Thomas Paschos & Associates, P.C.

Haddonfield, NJ

In Smith v. City of Allentown, — F.3d —-, 2009 WL 4912120 (3d Cir. (Pa.) December 22, 2009), plaintiff filed suit against the City of Allentown and its mayor claiming discrimination based upon his age and political affiliation after he was discharged as a city superintendent (he had been appointed by a former Republican mayor). The trial court granted summary judgment in favor of the defendants holding plaintiff failed to produce evidence that his allegedly inadequate job performance was a pretext for unlawful discrimination of any kind.Plaintiff appealed.

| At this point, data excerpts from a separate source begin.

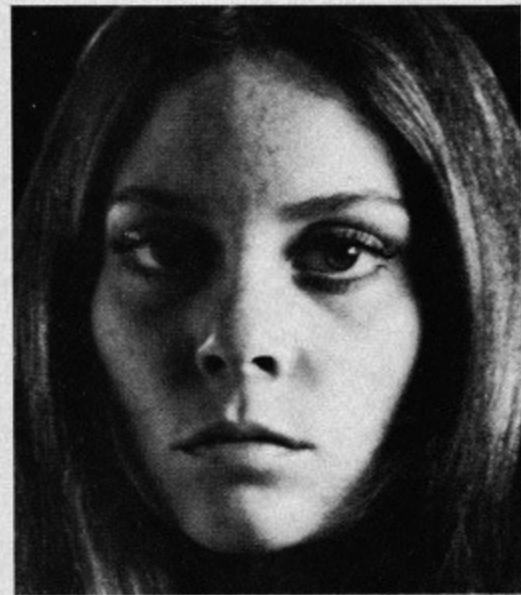
LESLEY WARREN has decided to drop from "Mission: Impossible" and so has Leonard Nimoy. Is it a trend?

pick up Grammys for himself, GEORGE and JOHN for music of "Let It Be." Nobody seemed to mind that PAUL was dressed casually for a formal affair and he wore white tennis shoes. He was awarded with a standing ovation as well as a Grammy. Also, if you missed the show, you also missed two of your favorites, DAVID CASSIDY and BOBBY SHERMAN who presented Grammys. DAVID , although somewhat nervous, managed to look and act in such a way that I suppose delighted his adoring fans everywhere, although the dialogue he and SHIRLEY JONES had was, well... That wasn't his fault, the writers did pretty badly on the whole show. BOBBY too, probably curled the toes of all his fans, but I must offer my congratulations to him on the fine cover-up job he did for NANCY SINATRA . He handled himself quite well. Somehow it seems that the awards telecasts are losing their splendor. It seems as though a lot of the "old-timers" take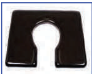
P60905 22"Wx18"D Ensolite® 1" foam Front/Rear Open Seat A-4.5"xB-7.75" opening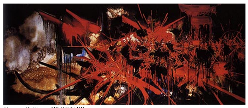
Georges Mathieu – PENDING HD Complainte silencieuse des enfants de Bogota face aux commandos de la mort, 1989 Oil on canyas . 342x152cm

Through a selection of oil paintings created between the 1940s and the 2000s, the exhibition aims to tell the story of each artist, as well as explore the strong bond they shared as a group, from the common experiences and challenges they faced and how it impacted their way of thinking, living and creating, to the intensity of their pictorial quest with the central question of figuration and abstraction.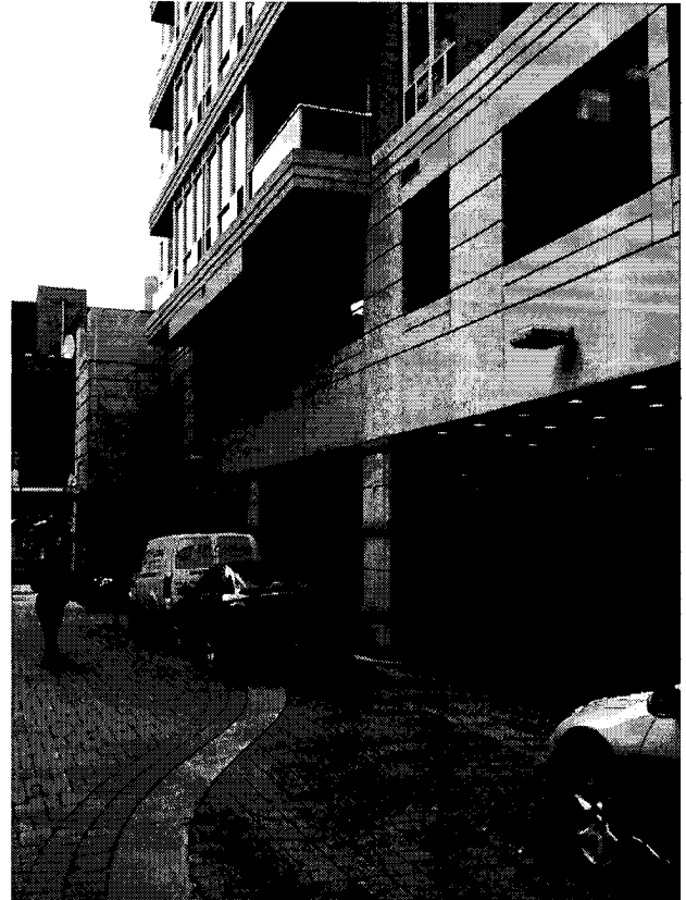
Minto-Yorkville residential access March 20, 2013: view looking south and north respectively

Thank you for taking our comments into consideration on this matter.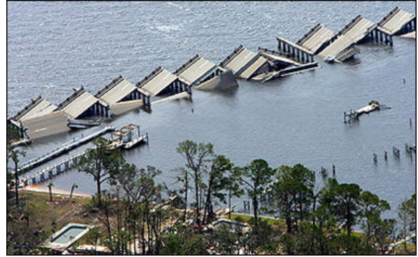
Bridge over St. Louis Bay, Mississippi

Malteser International has already pledged $100,000 in order to support possible relief activities of the United States Associations of the Order of Malta. A team of Malteser International emergency experts is on call to travel to the United States. The team is prepared to offer capacity building for needs assessments and to support the rehabilitation measures of the United States Associations of the Order of Malta.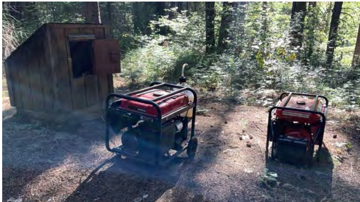
Figure 5. Well and gas pumps.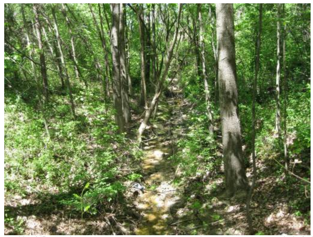
52. Facility 465. Looking upstream at stable channel and adjacent overbank areas within facility.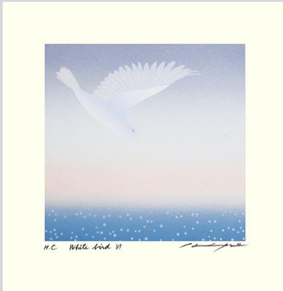
17 Unknown bird by Shigeyuki Ōhashi, entitled white bird VI, 1987, 260 x 270 mm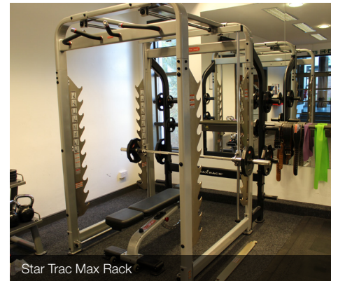
Star Trac Max Rack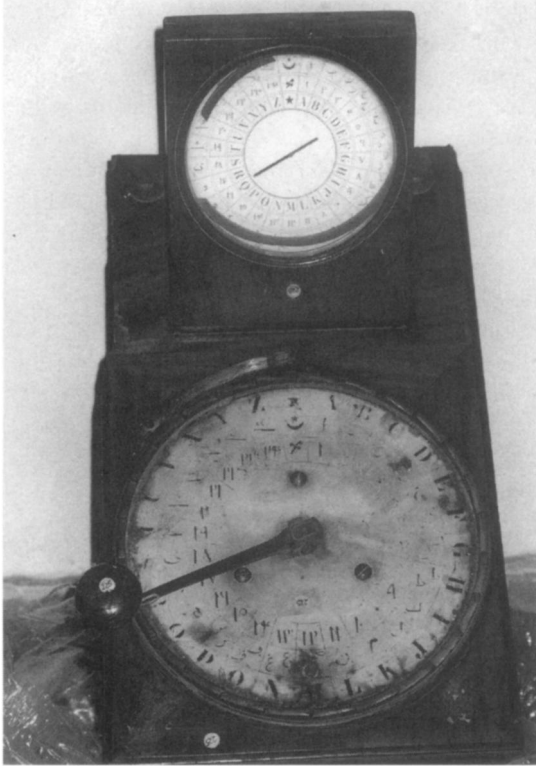
FIG. 4 Wheatstone dial telegraph apparatus adapted to Turkish language in Arabic script, with Roman letters in addition. (Postal Museum [PTT Müzesi], Ankara, No. 225.)

ments, mainly various types of Wheatstone, Siemens, and Hughes designs, were tried (fig. 4). In 1867 David Hughes himself was brought to Istanbul to develop his printing telegraph system for the Turkish language. 66 It had little success. As in other parts of the world, the Morse system superseded all others.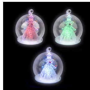
Tree Ball Ornament - $4.00 10% 20% 30% $4.50 $5.00 $5.75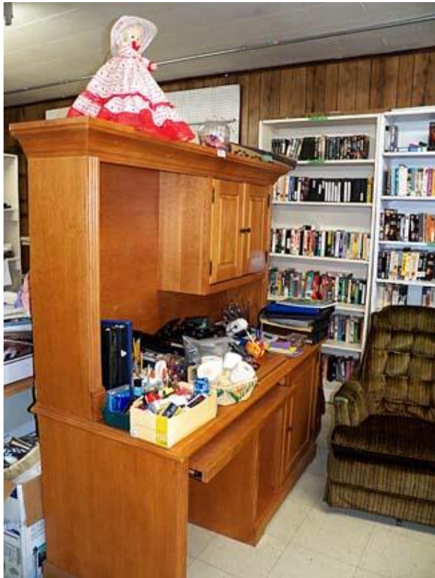
A nice computer desk for sale at $75 loaded with school supplies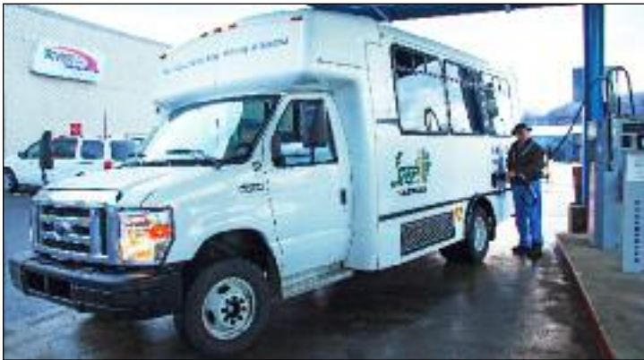
A STEP transportation van fuels up at the River Valley Transit fueling station as part of a regional transportation partnership.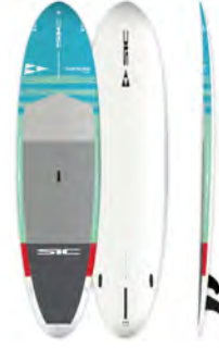
TAO FIT (AT) 10'6" x 31.5"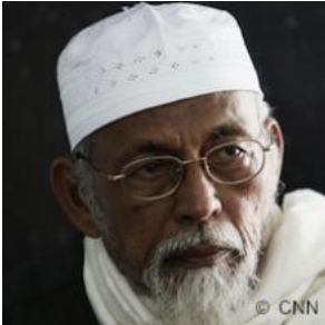
Abu Bakar Bashir Founder and spiritual leader, alleged operational leader

The District Court disposed of Smith’s age discrimination claim under the burden-shifting framework of McDonnell Douglas Corp. v. Green, 411 U.S. 792, 93 S.Ct. 1817, 36 L.Ed.2d 668 (1973). The parties had stipulated that Smith possessed sufficient evidence to establish a prima facie case and that Smith’s allegedly substandard job performance provided defendants with a legitimate, nondiscriminatory rationale for his termination. Therefore, the District Court addressed only whether Smith had adduced evidence from which a reasonable jury could conclude that defendants relied upon his job performance as a pretext for age discrimination. Smith based his allegations of age discrimination upon several things: first, reference to Smith’s birthday and anniversary date during a meeting at which his termination was discussed; second, the recommendations of the City Solicitor, and the Assistant Solicitor that Smith not be discharged; and, third, the City’s progressive discipline policy, which defendants allegedly failed to utilize prior to discharging him. The Court concluded that this evidence did not cast doubt upon the performance-related reasons that defendants proffered for Smith’s discharge. The Court therefore granted summary judgment to defendants on Smith’s age discrimination claim.

After the District Court rendered its ruling, the Supreme Court decided Gross v. FBL Financial Services, — U.S. —-, 129 S.Ct. 2343, 174 L.Ed.2d 119 (2009), which considered whether the burden-shifting framework established by Price Waterhouse v. Hopkins, 490 U.S. 228, 109 S.Ct. 1775, 104 L.Ed.2d 268 (1989), is available to plaintiffs in age discrimination cases. Gross refused to apply Price Waterhouse to ADEA claims for two reasons. First, the Court found that shifting the burden of persuasion to an age discrimination defendant is improper because the plain language of the ADEA requires the plaintiff to prove that the defendant took the adverse employment action because of [the plaintiff's] age. The Court construed this language as requiring that the plaintiff prove but-for causation from the outset of an ADEA case. Second, the Court expressed ambivalence about the utility of burden-shifting in age discrimination claims.

Defendants argued that Gross rendered McDonnell Douglas’s burden-shifting inapplicable to ADEA cases and that plaintiffs appeal should be disposed of solely by inquiring whether Smith would have retained his job but for the alleged age discrimination. However, the court held that it may not depart from our prior decisions applying McDonnell Douglas to age discrimination cases unless those decisions are irreconcilable with Gross. The court cited Mennen Co. v. Atl. Mut. Ins. Co., 147 F.3d 287, 294 n. 9 (3d Cir.1998) which provided that a panel of the court may not overrule the decisions of a prior panel unless the earlier disposition is in conflict with Supreme Court precedent. The court noted that [w]hile we recognize that Gross expressed significant doubt about any burden-shifting under the ADEA, we conclude that the but-for causation standard required by Gross does not conflict with our continued application of the McDonnell Douglas paradigm in age discrimination cases.

As such, the court evaluated Smith’s age discrimination claim pursuant to McDonnell Douglas to see whether he produced sufficient evidence to establish that defendants’ proffered rationale for terminating him was a pretext for age-based discrimination and the court concluded that Smith failed to carry that burden.